[Linux] Regular expressions

Nick Seidenman nicks@argate.net
Thu, 12 Oct 2000 21:53:52 -0400 (EDT)


On Thu, 12 Oct 2000, Nick Simicich wrote:

> At 06:58 AM 10/12/2000 -0400, Nick Seidenman wrote:
> >On Thu, 12 Oct 2000, Tim Jones wrote:
> >
> >> Regular expressions are also useful in Python 
> >> (see the 're', 'regex', 'regsub' modules), 
> >
> >Since Tim brought it up, the re module supports both perl and emacs
> >regular expression semantics.
> 
> Huh?  I thought that re module was perl, the regex module was emacs.  Heck,
> you just mentioned this to me.

Quite right.  I mispoke.  You use regex (which is only kept for backward
compatibility) for emacs-style regular expression semantics and re for
newer/better (perl-style and then some) expressions.

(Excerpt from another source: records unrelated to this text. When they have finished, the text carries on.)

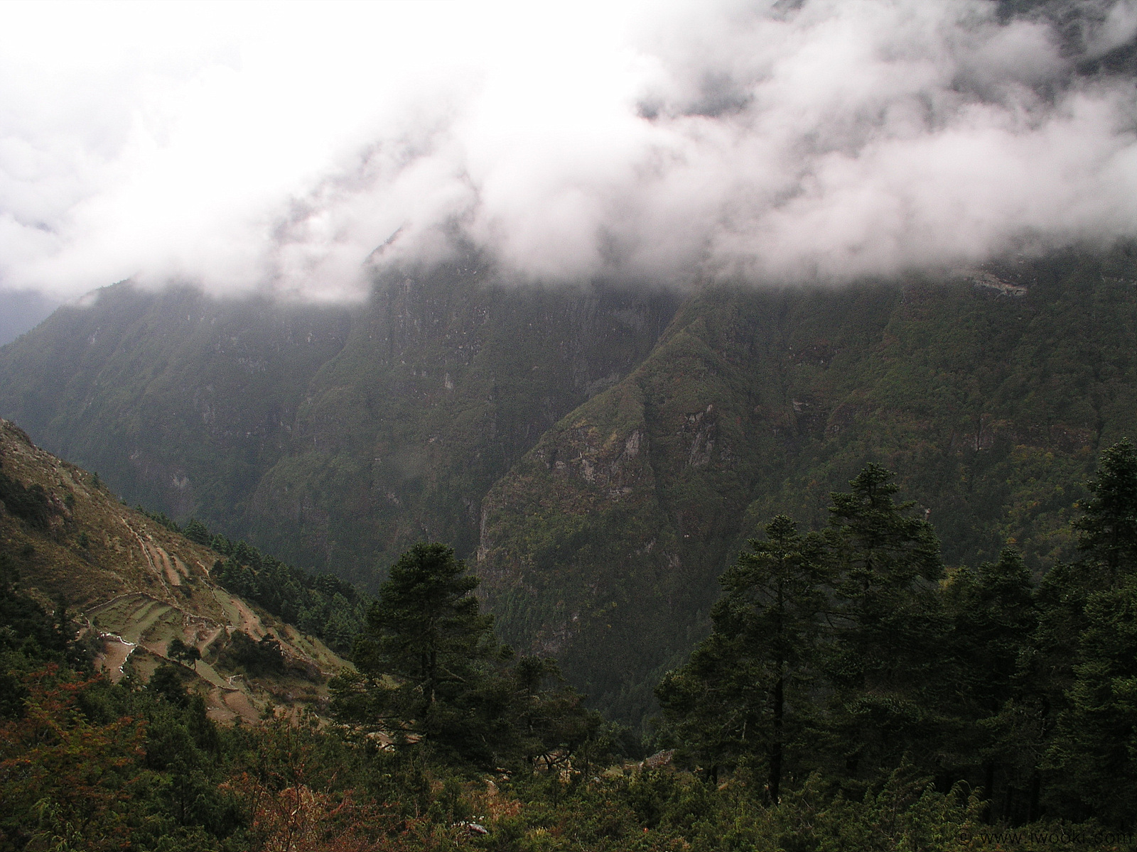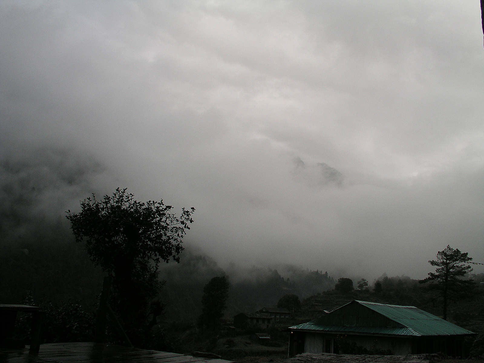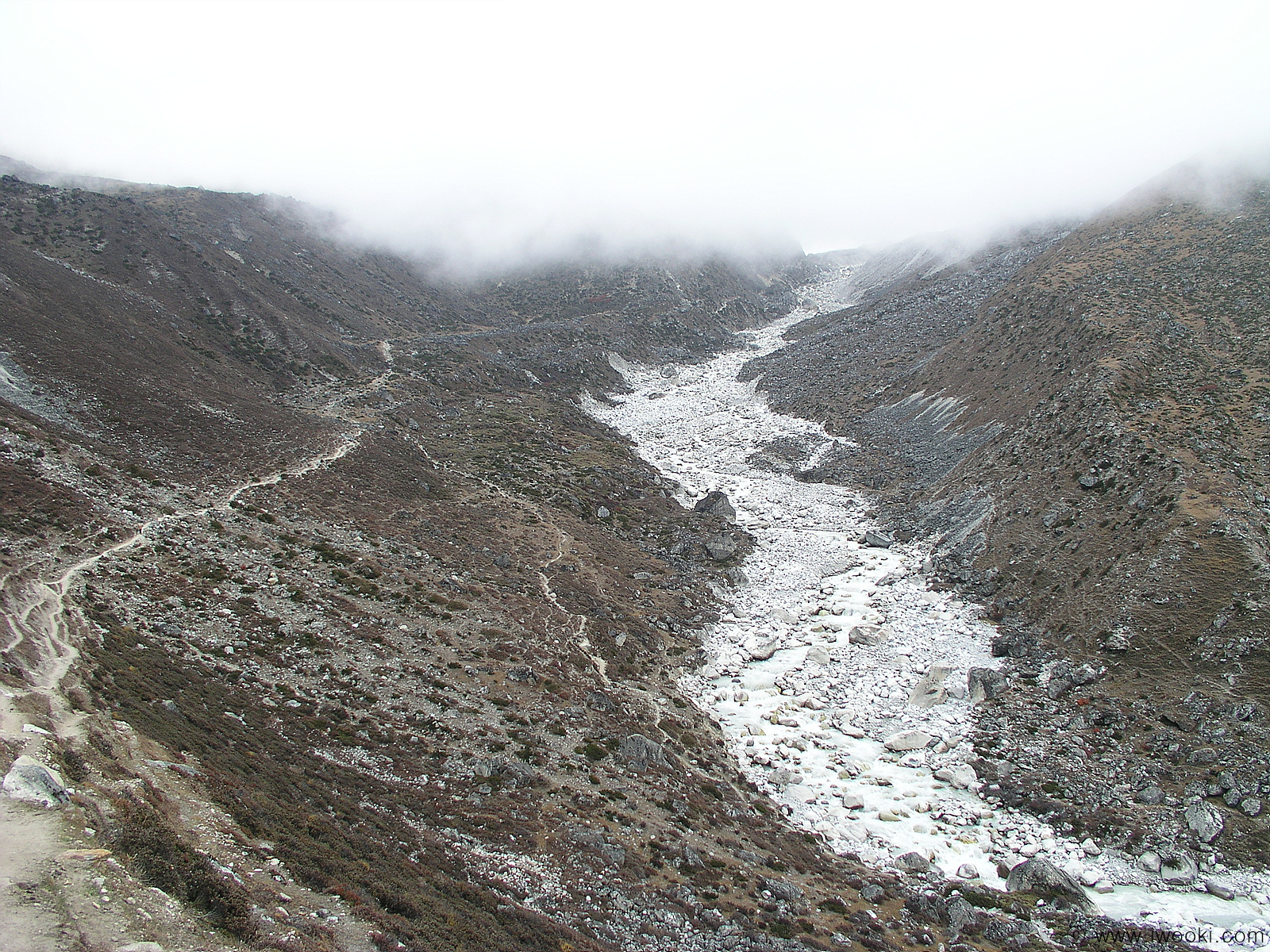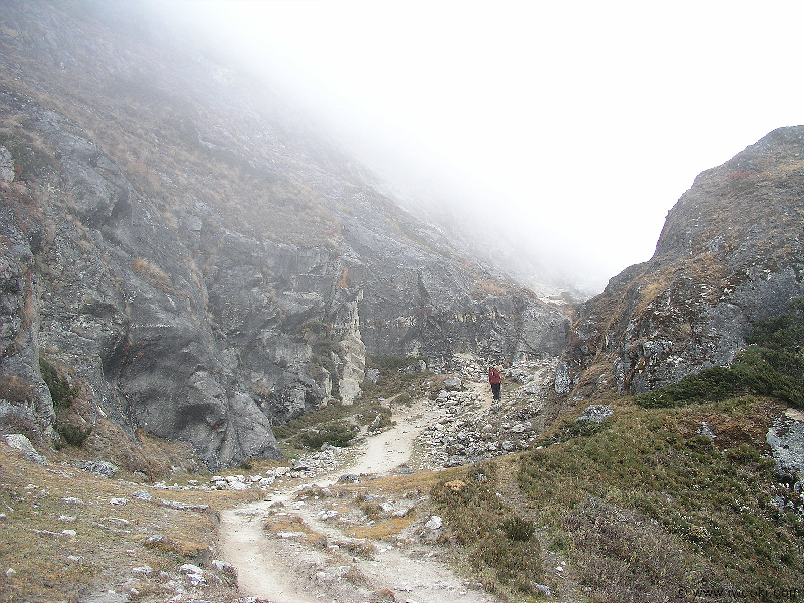 Gokyo에 가까워 지면서 해는 저물고 안개가 가득한데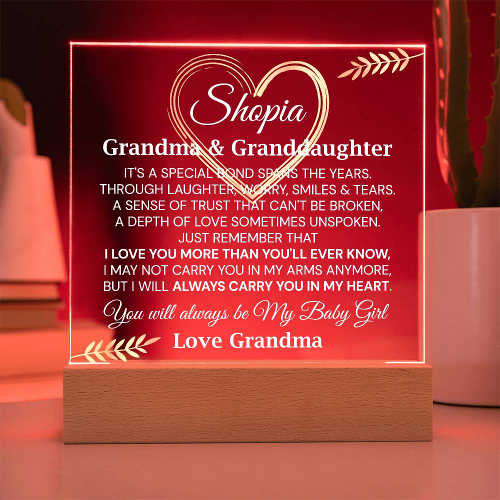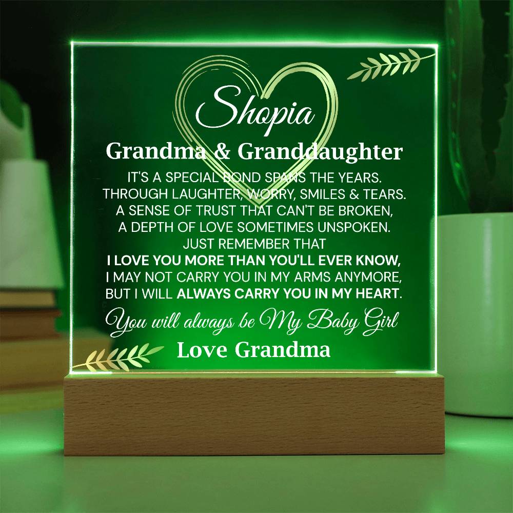 Your plaque will be crafted from premium acrylic with a professionally printed design for a polished look. It comes with a stylish wooden LED base, and you can choose between a USB plug-in option OR a cordless battery-operated option (requires 2 AAA batteries, not included). Both LED bases feature 7 vibrant colors, allowing the user to customize the lighting with various color changes and dynamic cycles.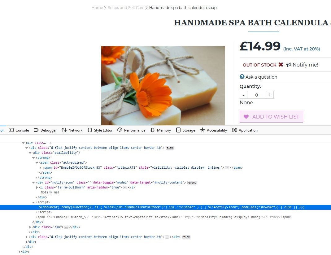 I am trying to add a clas to #notifyme to hide it if 'EnableIfOutOfStock_<actinic:variable name="ProductReference" selectable="false" />' is 'visibility: hidden' but although the script should work it does not work in Sellerdeck!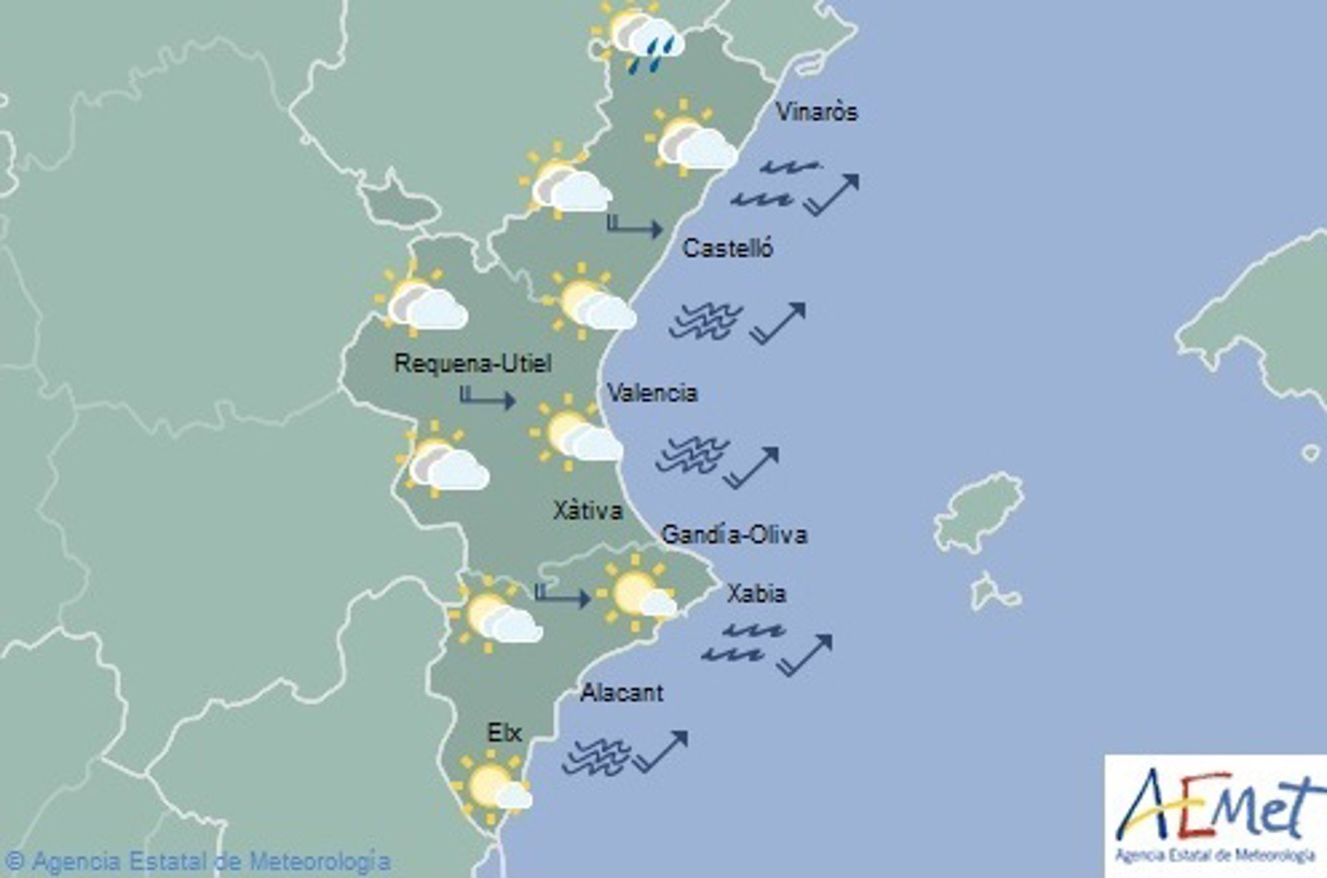 La mínima más elevada la tendrán en València, con 15 grados, mientras que en Castellón, Alicante, Dénia y Gandia tendrán 14 grados.

> Is r"\x" new syntax as well?  I see that the regex doc goes around the
> world telling you when a backslash escapes something and when it doesn't so
> you know when you have to double and when not, while the re doc just tells
> you to use r"\x".

Those are raw strings, denoted by an 'r' prefixing a quoted string.  It's
sort of like 'L' appended to a numeric (integer) literal to denote a
python long integer.  It is not peculiar to the re module; it's another
form of python string literal and thus can be used anywhere.  I believe
these showed up right around the same time as the re module, so it's
probably two or three years old now.